Stochastic Approximation with Random Step Sizes and Urn Models with Random Replacement Matrices Having Finite Mean
Ujan Gangopadhyay, Krishanu Maulik

TL;DR
This paper develops a new stochastic approximation framework with random step sizes and drifts, and applies it to urn models with random replacement matrices, relaxing many traditional assumptions.
Contribution
It introduces a novel stochastic approximation result with random step sizes and drifts, and applies it to analyze urn models with minimal assumptions on replacement matrices.
Findings
Proved convergence of urn model vectors in $L^1$ and probability.
Established stochastic approximation results with only finite first moments.

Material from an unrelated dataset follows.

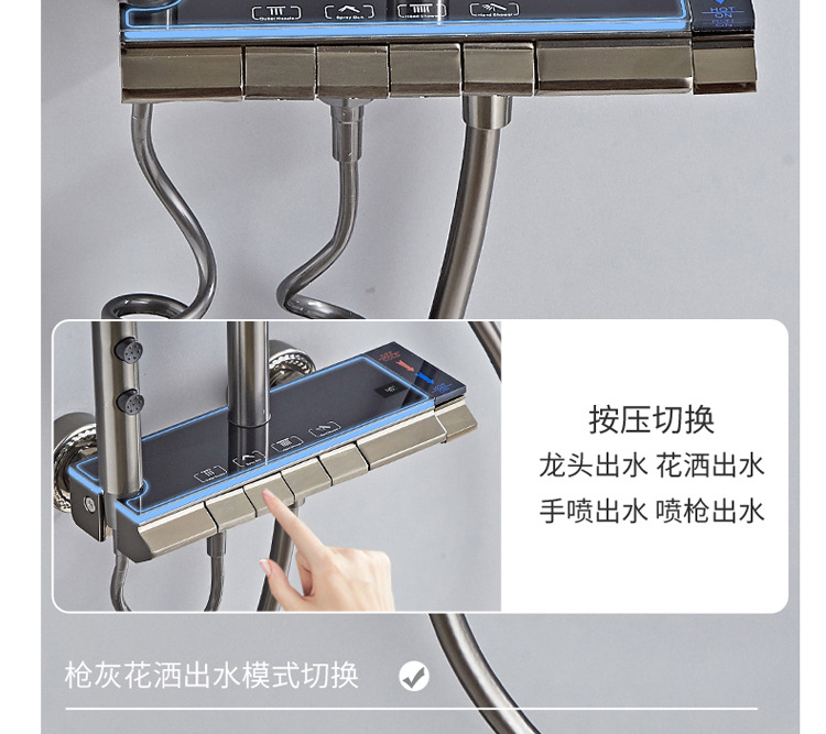 공간 알루미늄 디지털 디스플레이 버튼 물 도금 회색 샤워 세트 욕실 욕실 욕실 집 샤워 노즐스토어 가기

Analyzed Lotka-Volterra type differential equations directly.
Abstract
Stochastic approximation algorithm is a useful technique which has been exploited successfully in probability theory and statistics for a long time. The step sizes used in stochastic approximation are generally taken to be deterministic and same is true for the drift. However, the specific application of urn models with random replacement matrices motivates us to consider stochastic approximation in a setup where both the step sizes and the drift are random, but the sequence is uniformly bounded. The problem becomes interesting when the negligibility conditions on the errors hold only in probability. We first prove a result on stochastic approximation in this setup, which is new in the literature. Then, as an application, we study urn models with random replacement matrices. In the urn model, the replacement matrices need neither be independent, nor identically distributed. We assume…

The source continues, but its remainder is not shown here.